Things are not always what they seem.

Many men, both bright and dim have uttered these exact same words hundreds if not thousands of times throughout the course of history. Allow me to add another repetition to the list then because as far as the Calgary Flames are concerned things are definitely not always what they seem (I'll let you decide whether to chalk one up for the bright or the dim side).

Take yourself back about 62 days or so to the high point thus far in the Flames season. The blazing ones were tied for first place overall, had the top ranked power-play in the league, the best penalty-killing unit and for the first time in recent memory - a team goals against average lower than the collective IQ at an Oilers Fan Club Reunion (ouch, that's low!). Yes siree, they were on a roll all right unbeaten and full of confidence and rallying the new troops like Drury, Gelinas, Kobasew, Yelle and Leopold behind the leadership of last year's scoring champ and budding superstar Jarome Iginla. Things were, in a word, great.

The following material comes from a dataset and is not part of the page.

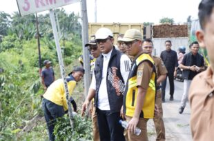 Lampung Tengah,-Bupati Lampung Tengah (Lamteng) Ardito Wijaya turun langsung meninjau proses pembersihan bahu jalan di …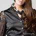 Роскошная атласная блузка с гипюровыми рукавами. Застегивается на пуговицы. Приталенный крой.

Then the regular season actually started.

The Flames fell from first place to last place in a matter of 60 minutes; penthouse to the outhouse, first class to coach, Calgary to Edmonton, (insert your own witty analogy here). The home squad was out-shot 34 to 19 and outscored 3 - 0 by the 'headed-for-great-things' Vancouver Canucks.

Now the Flames were not be officially credited with leading the league in any category this year, except perhaps most corn dogs sold during one intermission, but before the puck drops for real on opening night, perception is reality.

The same holds true for the Flames situation right now. They are without their superstar Jarome Iginla, minus the service of promising rookie defenceman Jordan Leopold, and as I'm writing this article the only team in the league without a permanent head coach.

Instead of folding like a cheap card table the Flames are somehow finding their stride under the silver-haired man they lovingly call 'Chopper'. They are unbeaten in three games, taking five of six points and scoring impressive victories over division rivals Colorado and Vancouver. This is the same team who under the guidance of the since departed Greg Gilbert fashioned one of the most pathetic records in the NHL ahead of only powerhouses like Buffalo, Nashville and Atlanta.

Greg Gilbert is by all accounts a good man and was a good coach - he simply lost his team. Whether the players chose to consciously tune him out or not is moot - that fact is they did. Al MacNeil is far from the second coming of Anthony Robbins - but the players have responded to the change and performed well. Admittedly three games cannot accurately gauge a team's progress but the wheels appear to be back on with the car pointed in the right direction.

Although the Flames bandwagon is running on empty the fact is they are not that bad a team. Anyone who's looked at the standing the past month may disagree with that statement but it remains true. Just as they were not really league-leaders at the start of the year, and Edmonton really isn't the worst part of Western Canada as some Calgarians believe - the Flames are far more than basement dwellers at this point, far more than what they seem.